WHAT YOU SHOULD DO
Exactly transcribe the span of lines from the one containing "交通运输行业:招商证券-交通" through the final line of the entries, inclusive, and nothing outside it. Exclude the pictures.

Recorded data

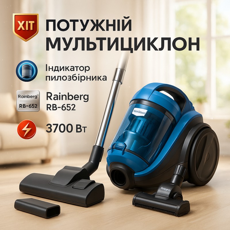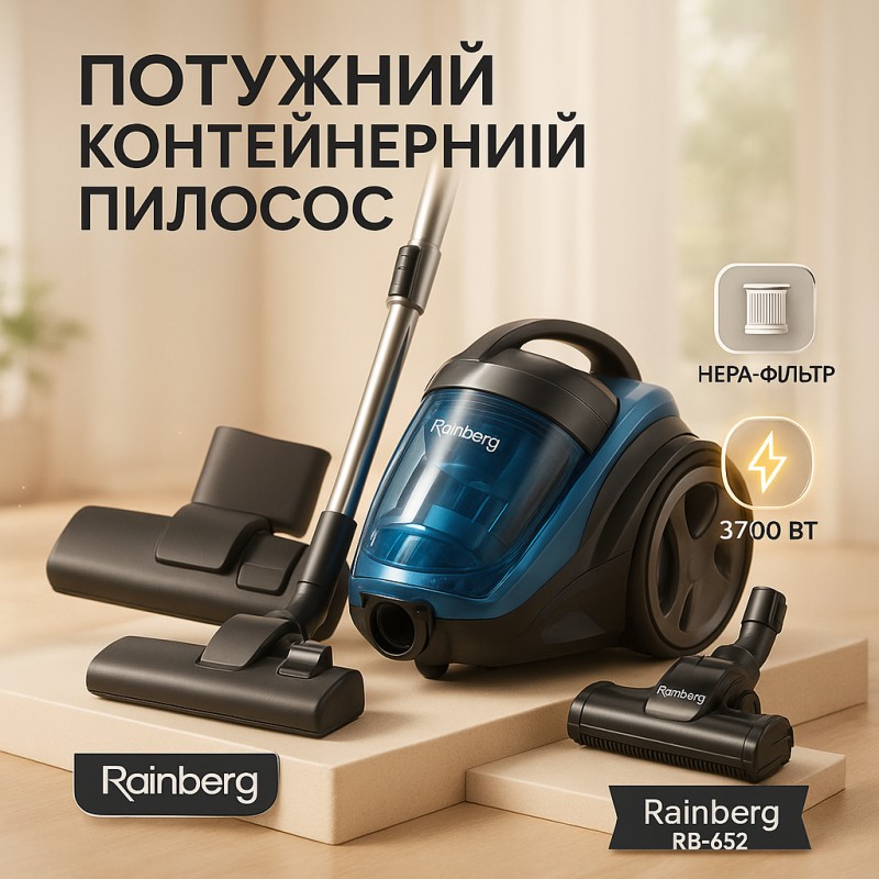 | Назва | Пылесос контейнерный Rainberg RB-652 турбощётка 3700 Вт 4 л |
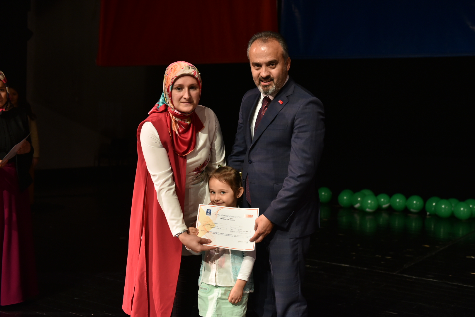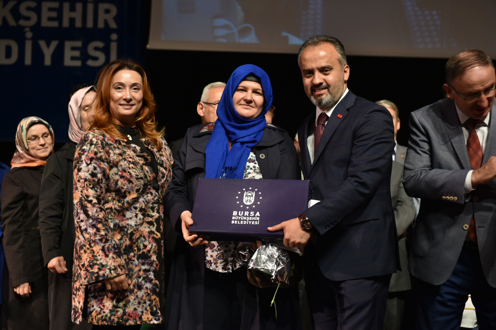 Programa katılan Büyükşehir Belediye Başkanı Alinur Aktaş, yaptığı konuşmada, Bursa Mobil Eğitim Projesi’nin 536 farklı mahalle ve eğitim noktası ile il genelinde 59 eğitim dönemini geride bıraktığını söyledi. Bu yıl da 12 eğitim aracı ile Bursa merkez ve kırsal ilçelerde faaliyetlere devam edildiğini belirten Başkan Aktaş, “Bursa Mobil Eğitim Projesi başladığından bu yana merkez ilçeler ile Mustafakemalpaşa, İznik, Orhangazi, Karacabey ve Yenişehir’de eğitimler verdik. Proje kapsamında önümüzdeki dönemlerde Keles, Büyükorhan, Harmancık ve Orhaneli’ye de hizmetin götürülmesini planlıyoruz” dedi. Bursa Mobil Eğitim Projesi’nin bir eğitim yılı içerisinde 9 farklı dönemi kapsadığını ve her 3 dönem sonunda eğitimi başarıyla tamamlayanlara düzenlenen törenle belgelerini teslim ettiklerini söyleyen Başkan Aktaş, Aralık 2017-Nisan 2018 dönemleri arasında eğitimlere devam ederek sertifika almaya hak kazanan 2 bin 338 kursiyeri tebrik etti.
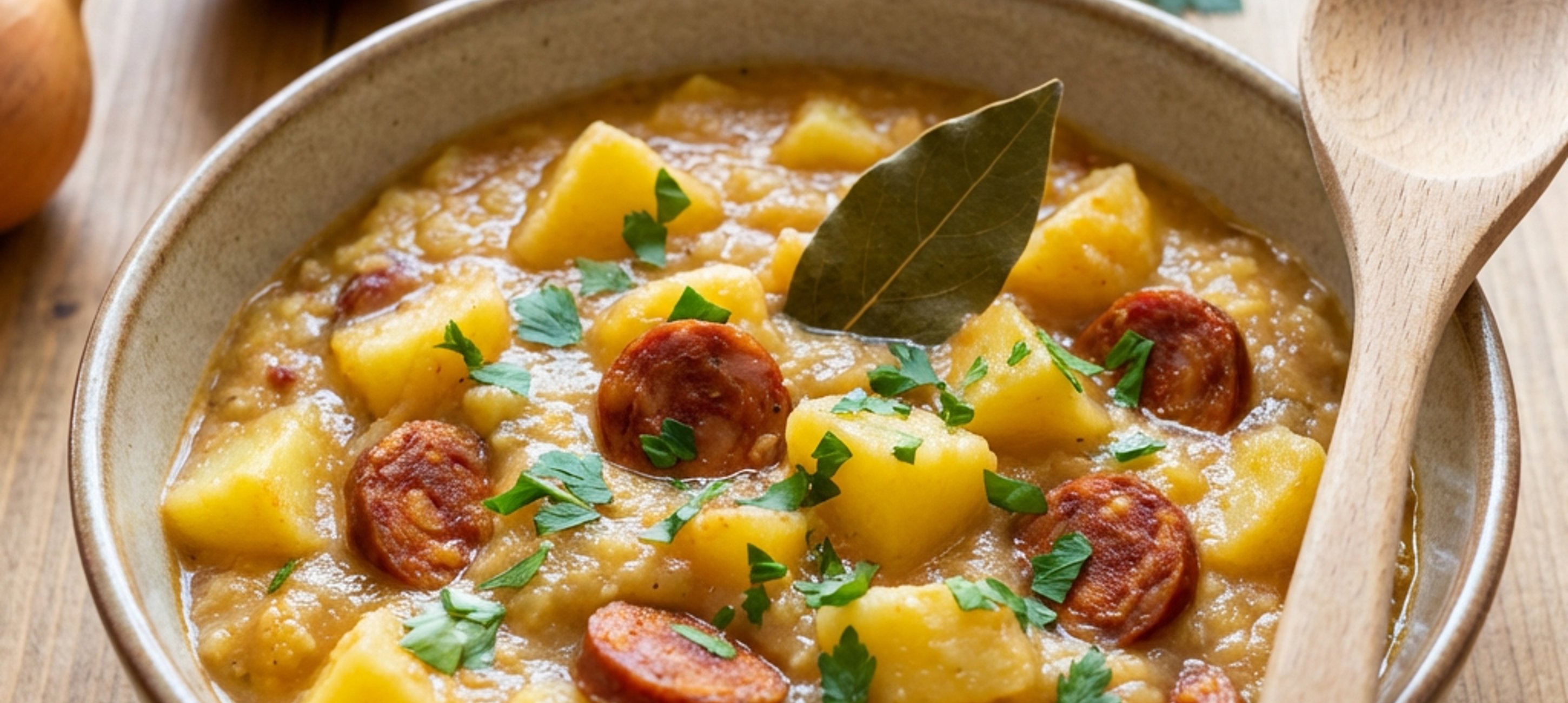 - 2Den Eintopf nun grob pürieren und die Chorizo-Wurst dazugeben. Alles im Anschluss weitere 10 Minuten köcheln lassen.
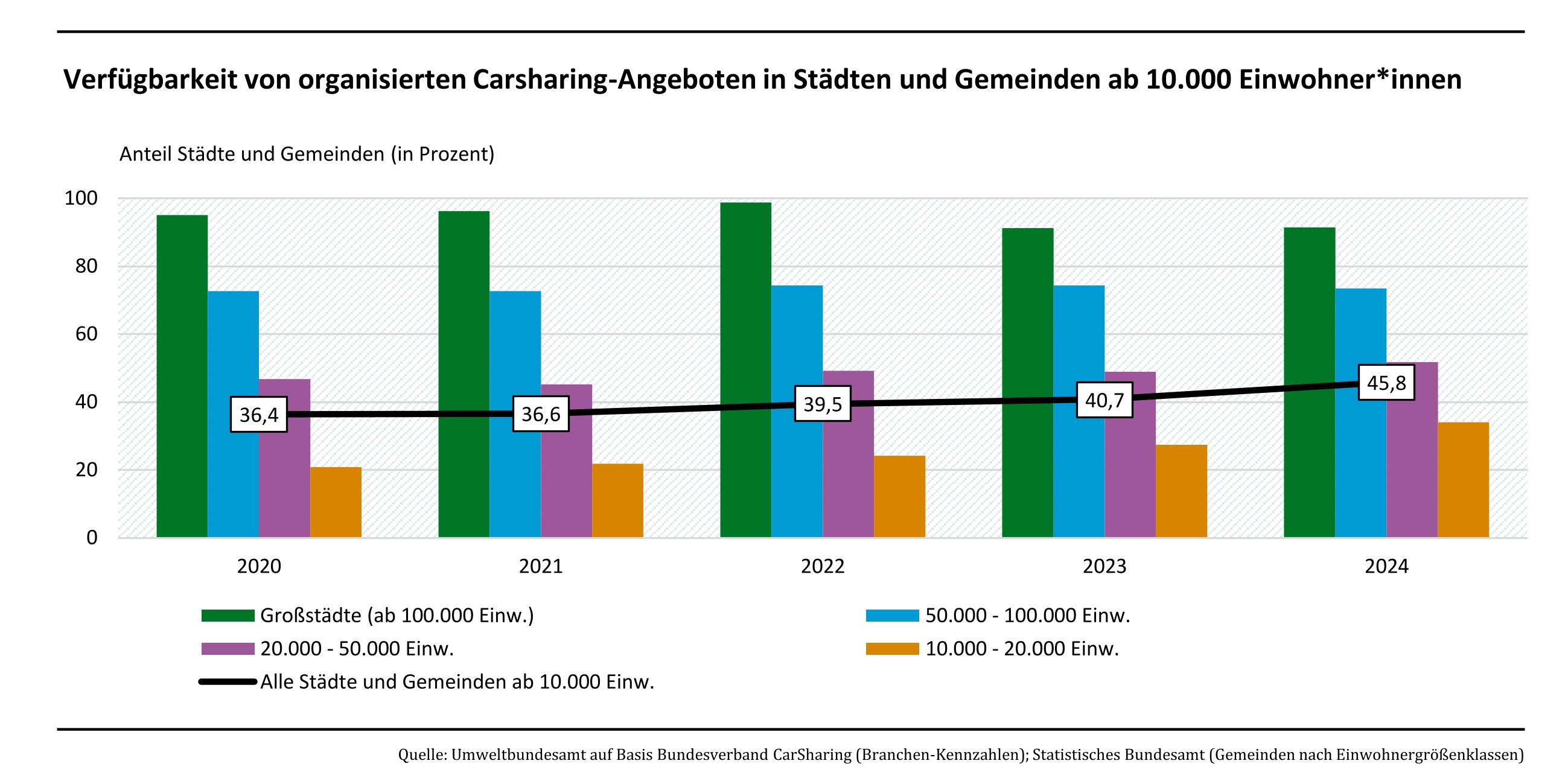 Die Abbildung zeigt den Anteil der Städte und Gemeinden ab einer Größe von 10.000 Einwohner*innen, in denen es mindestens ein organisiertes Carsharing-Angebot gibt. Dabei sind sowohl stationsbasierte als auch stationsunabhängige ("free-floating") Carsharing-Angebote erfasst, wobei es stationsunabhängige Angebote nur in Großstädten zusätzlich zu stationsbasierten Angeboten gibt.
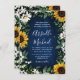 Royal Blue Sunflower Country Wedding Invices - apresentam um fundo de madeira azul ou real de celeiro marinho decorado com margaridas, girassóis, verde, hálito de bebê e lírio do vale. NOTA: este convite é pré-dimensionado para 4,5 polegadas por 6,25 polegadas. Um tamanho 5x7 também está disponível neste design. Exibir a coleção encontrada nesta página para esse produto e para itens correspondentes.
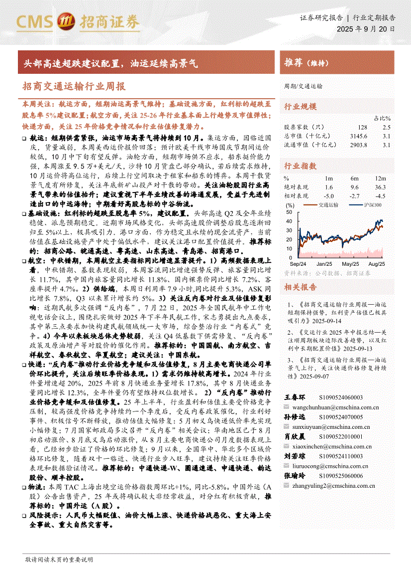 交通运输行业:招商证券-交通运输行业周报:头部高速超跌建议配置,油运延续高景气-250920
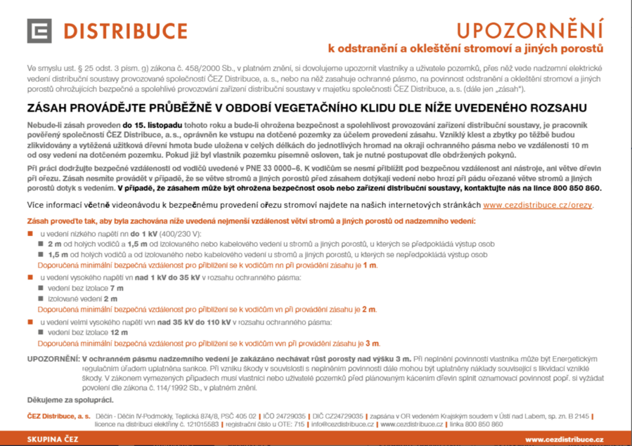 Úvod > Obec > Aktuálně z obce > Upozornění k odstranění a okleštění stromoví a jiných prostorů
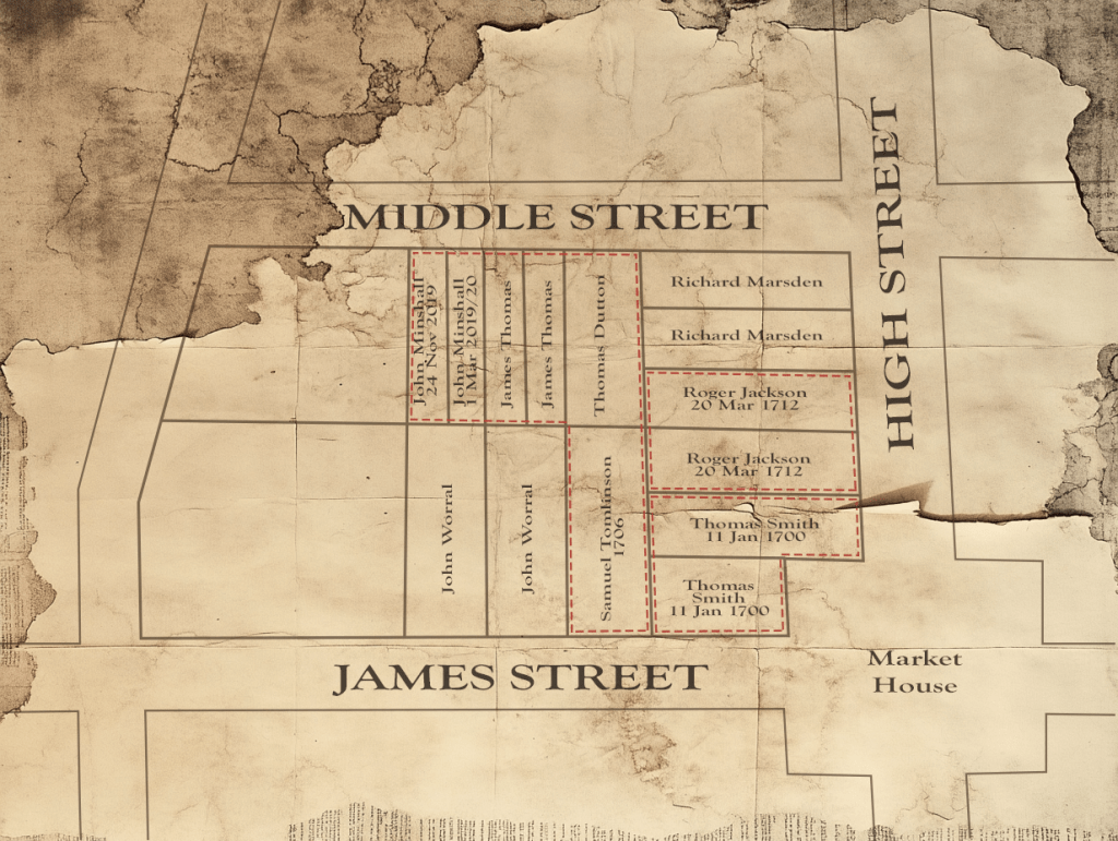 The six lots owned by John Minshall were assembled from various purchases, creating a unique patchwork of Chester Borough’s early history. Two of these lots were originally part of the land purchased from Jonas Sandelands. Interestingly, the Borough of Chester itself was established on a 20-acre patent granted in 1686 to Jonas’s father, James Sandelands. Minshall added to his holdings by acquiring two more lots from James Thomas, one from Thomas Dutton, and another from Samuel Tomlinson.
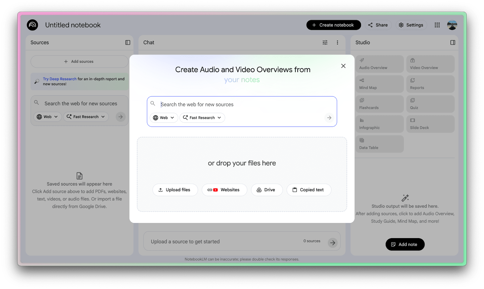 You can select “Fast Research,” and NotebookLM will do a web search and crawl for relevant materials, or you can do a “Deep Research” if you want the model to spend more time extracting insights from the sources it finds.

SOLUTION TO THIS EXERCISE
 交通运输行业:招商证券-交通运输行业周报:头部高速超跌建议配置,油运延续高景气-250920
 Úvod > Obec > Aktuálně z obce > Upozornění k odstranění a okleštění stromoví a jiných prostorů
 The six lots owned by John Minshall were assembled from various purchases, creating a unique patchwork of Chester Borough’s early history. Two of these lots were originally part of the land purchased from Jonas Sandelands. Interestingly, the Borough of Chester itself was established on a 20-acre patent granted in 1686 to Jonas’s father, James Sandelands. Minshall added to his holdings by acquiring two more lots from James Thomas, one from Thomas Dutton, and another from Samuel Tomlinson.
 You can select “Fast Research,” and NotebookLM will do a web search and crawl for relevant materials, or you can do a “Deep Research” if you want the model to spend more time extracting insights from the sources it finds.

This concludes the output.